Defendant was seen on the streets of Logan driving the Ford between 8:30 and 9 o'clock. He was again observed about 11 P. M. sitting on the steps of the Guyan Valley Bank. According to the testimony of one witness for the state, he was driving the Ford on the streets of Logan about 12:30 A. M. A car answering the description of the Ford passed Roy Hall, Frank Gibson, and two other men about 5:40 A. M. while they were returning together from work, walking along the road leading from Trace Mountain to Logan. They testified that the car was traveling at a fast rate of speed in the direction of Logan, driven, apparently, by a colored man, and that Hall remarked to Gibson as it passed near him, "Look out there Frank, that negro liked to have hit you." A few minutes later, the defendant, driving the Ford in the same direction, was recognized by a witness well acquainted with him; and about 6 o'clock another witness observed him driving into Logan from the direction of Trace Mountain. Other witnesses saw him later in the morning, after driving the car from the garage, inspect and clean it. On the same day, he removed the tarpaulin and canvas curtains. A few hours after the body was found, he and Robinson were arrested on the charge of being implicated in the murder, and the car was taken into custody by members of the department of public safety. Several witnesses who examined it testified that they found blood on the back of the front seat to the right which had soaked through the tarpaulin and upholstering into the batting. They also found, under the rubber floor mat in front, a deposit of blood four or five inches long extending from near the edge of the mat to a point underneath where it formed a clot. Upon a search of the Robinson premises, the tarpaulin was discovered in the coal bin in the basement and a piece of canvas used for side curtains was found in the garage between a box and the wall. Both were blood-stained. A shirt belonging to defendant with blood on the right sleeve was also found in the attic. A chemical analysis of the blood on all the articles proved it to be human blood. Hairs on the dress worn by deceased at the time of her death corresponded with dog hairs on the tarpaulin.
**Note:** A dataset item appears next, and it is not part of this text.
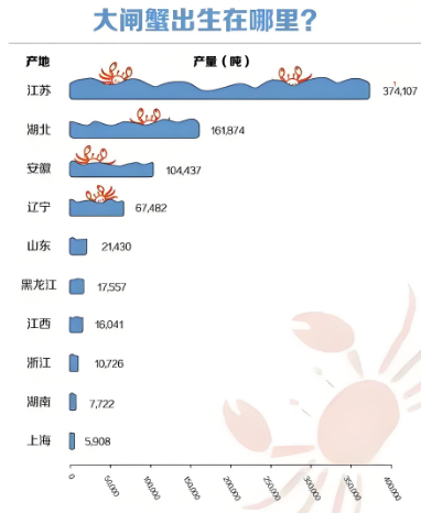 2019-2023年,大閘蟹產(chǎn)量從77.9萬噸增至88.86萬噸,年均增長3.4%。江蘇省作為最大產(chǎn)區(qū),2023年產(chǎn)量40.55萬噸,占比45.63%,但增速放緩至2.1%。湖北、安徽、遼寧等省通過"河蟹良種工程",實(shí)現(xiàn)單產(chǎn)提升15%-20%。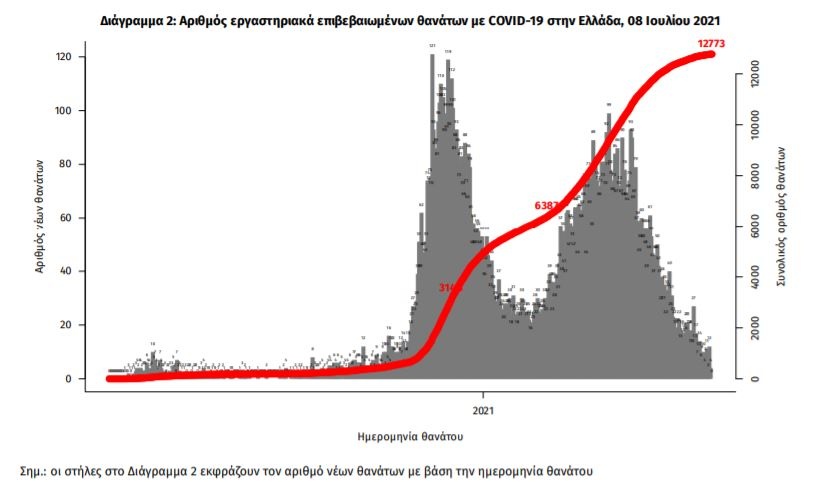 Οι νέοι θάνατοι ασθενών με COVID-19 είναι 10, ενώ από την έναρξη της επιδημίας έχουν καταγραφεί συνολικά 12.773 θάνατοι. Το 95.2% είχε υποκείμενο νόσημα ή/και ηλικία 70 ετών και άνω.

The defendant relies on an alibi and insufficiency of the circumstances tending to establish his guilt. He testified that he went to bed in the attic between 11 and 11:30, and did not arise until 6 or 6:30 the next morning, when he went down to the first floor to take some medicine, returning to bed where he remained until he was called by Mrs. Robinson between 8 and 9 o'clock. Mr. and Mrs. Robinson and Oscar Townsend, who roomed at the home, testified that they heard some one go to the attic a short while after 11 o'clock, whom they assumed to be the defendant, and never heard any one come down from the attic during the night. Their evidence does not indicate that they even heard the defendant when, as he claims, he came down from his room at 6 or 6:30 in the morning. The defendant undertakes to explain the blood found on the back of the front seat of the car and his shirt sleeve, but is unable to account for other evidences of blood. He says that he wiped his nose while bleeding with his shirt sleeve and that on another occasion his nose bled while he was asleep in the car. He admits that he and Robinson were together at the Robinson home and saw Mrs. Thurman leave her home with the colored woman; that Robinson then requested him to go to the home of Fannet Jones to ascertain who was there; and that he drove to the Jones home about 9 o'clock that night in compliance with this request. He admits also that he sat on the steps of the Guyan Valley Bank for fifteen or twenty minutes about 11 o'clock in the night, at the instance of Robinson, watching for Mrs. Thurman to come from a nearby apartment building.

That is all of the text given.